Supplied material =>
* * * * * * *

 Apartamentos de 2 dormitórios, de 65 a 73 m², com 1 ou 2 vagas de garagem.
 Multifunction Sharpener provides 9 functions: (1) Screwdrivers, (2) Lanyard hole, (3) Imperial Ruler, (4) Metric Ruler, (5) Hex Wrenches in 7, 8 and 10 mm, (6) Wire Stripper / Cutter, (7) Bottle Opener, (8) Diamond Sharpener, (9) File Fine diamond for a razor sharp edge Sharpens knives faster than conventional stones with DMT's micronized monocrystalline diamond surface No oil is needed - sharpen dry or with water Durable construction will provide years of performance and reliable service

* * * * * * *

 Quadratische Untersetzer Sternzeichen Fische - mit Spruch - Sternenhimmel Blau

* * * * * * *

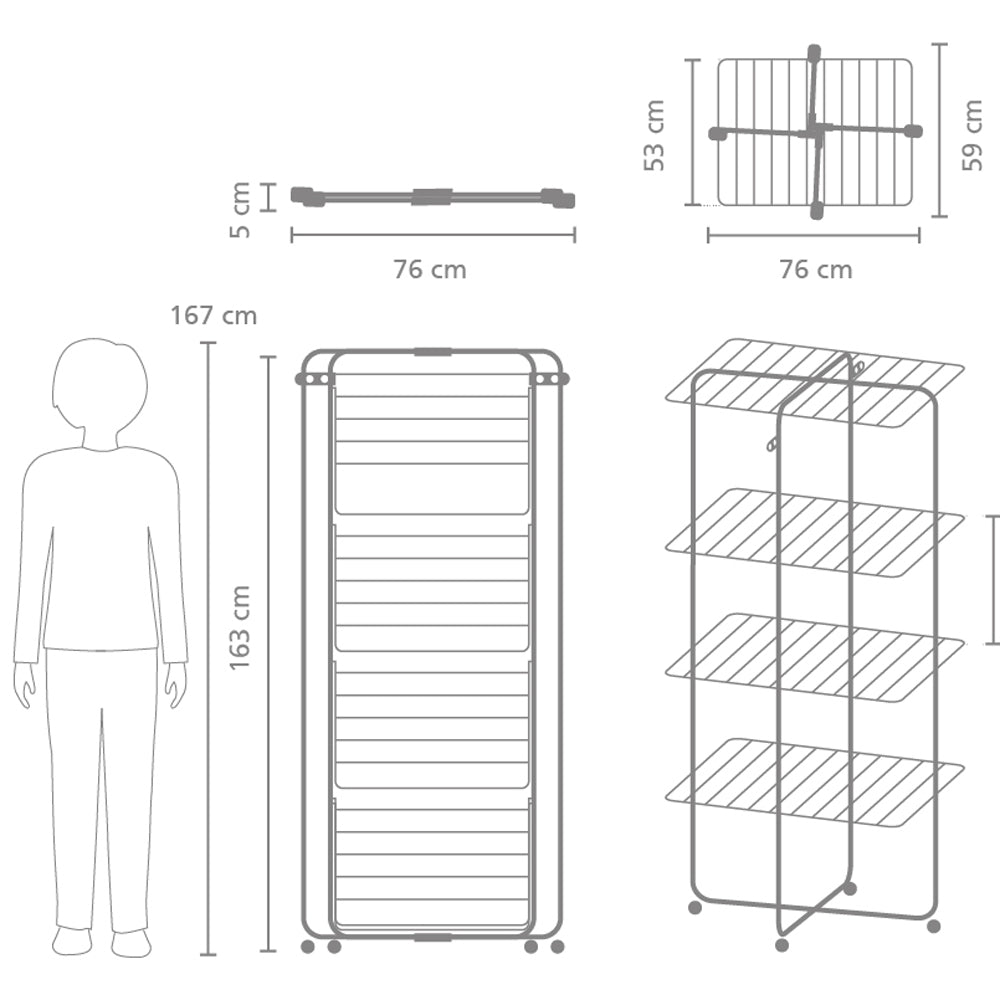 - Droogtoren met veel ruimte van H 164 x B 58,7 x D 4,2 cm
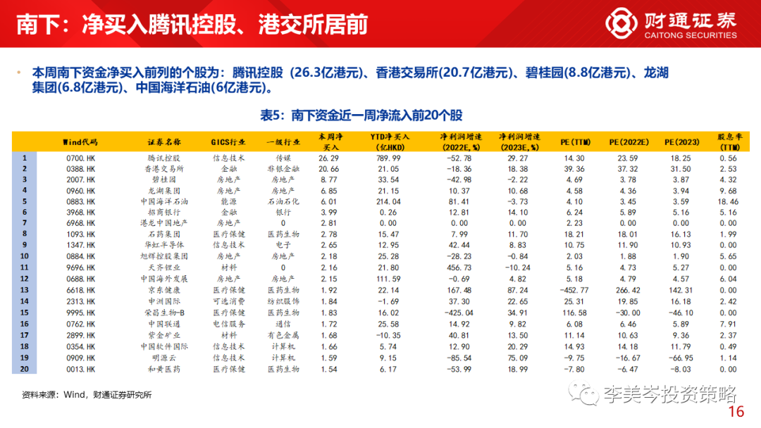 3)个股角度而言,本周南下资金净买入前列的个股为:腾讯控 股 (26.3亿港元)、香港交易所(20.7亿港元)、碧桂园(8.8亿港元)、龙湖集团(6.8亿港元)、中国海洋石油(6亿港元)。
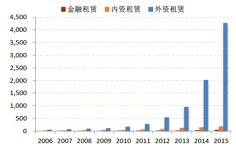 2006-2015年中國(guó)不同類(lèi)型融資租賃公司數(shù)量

* * * * * * *

Task prompt => Everything starting at the line containing "Apartamentos de 2" and ending at the line containing "Multifunction Sharpener provides" in the records above should be repeated exactly, and only that.

Answer for the task =>
 Apartamentos de 2 dormitórios, de 65 a 73 m², com 1 ou 2 vagas de garagem.
 Multifunction Sharpener provides 9 functions: (1) Screwdrivers, (2) Lanyard hole, (3) Imperial Ruler, (4) Metric Ruler, (5) Hex Wrenches in 7, 8 and 10 mm, (6) Wire Stripper / Cutter, (7) Bottle Opener, (8) Diamond Sharpener, (9) File Fine diamond for a razor sharp edge Sharpens knives faster than conventional stones with DMT's micronized monocrystalline diamond surface No oil is needed - sharpen dry or with water Durable construction will provide years of performance and reliable service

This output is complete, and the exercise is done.